Pas d’inquiétude, si vous êtes en 1.13, vous n’allez même pas avoir besoin d’utiliser ça. Sinon, vous devrez soit coder des fonctions (ou en command-blocks si vous êtes entre la 1.9 et la 1.11, avant la 1.9, c’est malheureusement impossible :/) pour calculer les sinus et cosinus, soit télécharger notre magnifique librairie (ou notre LGdir si vous êtes avant la 1.12) qui le fera pour vous (et on ne paye même pas pour ce placement de produit !)
Changeons de système de coordonnées
Bref, vous l’aurez compris, pour appliquer notre gravité, on va plutôt travailler avec X, Y et Z. C’est là qu’il va falloir ruser, car pour savoir comment faire varier X, Y et Z en fonction de l’orientation, il existe deux solutions selon votre version du jeu :
- 1.12 et avant : On utilise les relations mathématiques ci-dessus en récupérant l’orientation du projectile (Phi et Theta) puis en calculant X, Y et Z (en considérant que R=1, cf. le schéma du début pour voir à quoi correspond R)

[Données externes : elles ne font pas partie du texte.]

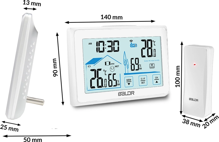 - Mémoire min./max., indicateur de confort, alerte “ouvrir/fermer la fenêtre”, indication de l’état de la batterie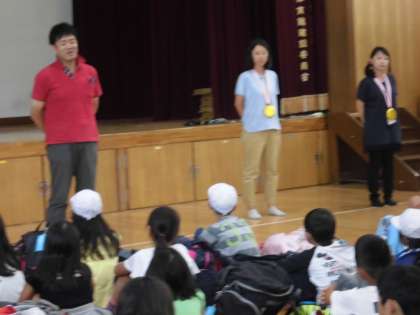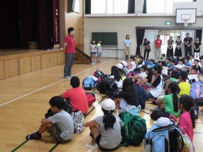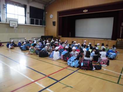 バスの中では,DVDに夢中になる子もいれば,ぐっすり休む子もいましたが,気分が悪くなる子もほとんどおらず,ほぼ予定の時刻に到着し,解散式を行いました。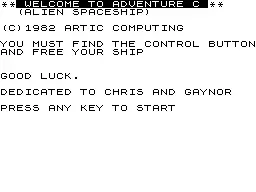 While on a reconnaissance flight, your ship has been drawn by a Graviton Beam onto an Alien Cruiser. Fred, your pet android, informs you that the cruiser is on a Humanoid slave mission, its aim to seek out Humanoid planets from which samples are taken and their brains replaced by microchips. Your aim is to free your ship by pressing the control button in the main computer room. Of course, expect various hazards and puzzles to be in your way. The game features a simple 'Verb Noun' command interface, and no graphics of any description. Instructions such as 'insert key into hole' have to be split into two commands.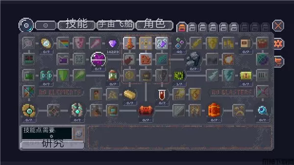4、选择一个角色,提升他的技能,在太空中找到有价值的组件来解锁新的能力;

- 1.13 et après : On utilise une fois la téléportation à un bloc vers l’avant avec les coordonnées locales (^ ^ ^1) et on calcule la différence de position entre avant et après (en enregistrant les deux puis en les soustrayant). De là, on aura… un vecteur !
Si on répète l’opération qu’on a vu tout à l’heure avec la dichotomie, on sait comment bouger notre projectile sur chacun des axes (on a maintenant 3 variables: VitesseX, VitesseY et VitesseZ qu’on traitera indépendamment).
Mais du coup, pour appliquer la gravité, il ne reste plus qu’à retirer en permanence de la vitesse sur Y non ?
Eh bien … OUI ! Mais combien ? On va le voir tout de suite ! On sait que la gravité accélère les objets à ~10 mètres par secondes^2 (toutes les secondes, l’objet va gagner une vitesse de 10m/s vers le bas). Hors, ici, on travaille en tick, et un tick c’est 0,05 secondes (1/20ème de seconde). On divise donc 10 par 20^2 (car nous avons des secondes^2) ce qui donne 0,025 m/tick et on sait que 1 bloc = 1 mètre. Du coup, il faut retirer à chaque tick 0,025 sur le vecteur Y de notre projectile. Sauf que, nous ne pouvons pas avoir de nombre à virgule dans notre score, ce pourquoi on a dit que 1000 = 1 bloc, il faut donc multiplier 0,025 par 1000 soit 25 ! Il faut donc, à chaque tick, retirer 25 au score VitesseY du projectile ! C’est tout !
Conclusion
Pour faire un projectile que vous pouvez ensuite manipuler comme bon vous semble, vous devrez:
- Récupérer l’orientation de Bob (l’entité qui tire)
- 1.9 -> 1.12: via la dichotomie et les arguments de sélection “ry,rym,rx et rxm”
- 1.13 et +: récupération via /execute store
- Créer un vecteur à partir de cette orientation
- 1.9 -> 1.12: calcul de trigonométrie (oups, le mot interdit !)
- 1.13 et +: création d’entité 1 bloc devant puis calcul de la différence de position
- Mettre le projectile en mouvement
- Via la dichotomie
Si vous ne comprenez pas, alors vous devriez relire plus doucement ;)
Cet exemple nous tenait à cœur car c’est l’exemple parfait pour montrer l’importance de décomposer son problème en tout petits problèmes. Cette simple pratique peut permettre de résoudre des problèmes qui semblent être impossible et permet ainsi d’ouvrir des portes sur des systèmes encore plus complexes !
Génial, même que c’est un peu complexe c’est très bien écrit.
Cet article s’est basé sur ce système: https://www.youtube.com/watch?v=SQOxXasdPJQ
Mais il est surtout là pour pouvoir faire comprendre qu’un système en apparence aussi complexe peut être décomposé en une multitudes de petits problèmes « faciles » à résoudre. L’article est donc plus générale que le système présent dans cette vidéo (qui est celui tiré de la Lib dont on a parlé)
Ce serais cool de montrer le résultat final de tout cet article :)
Je penses avoir compris, mais même pour ceux qui ne comprendrais pas, des exemples visuels dans le jeu aiderais grandement, à mon avis.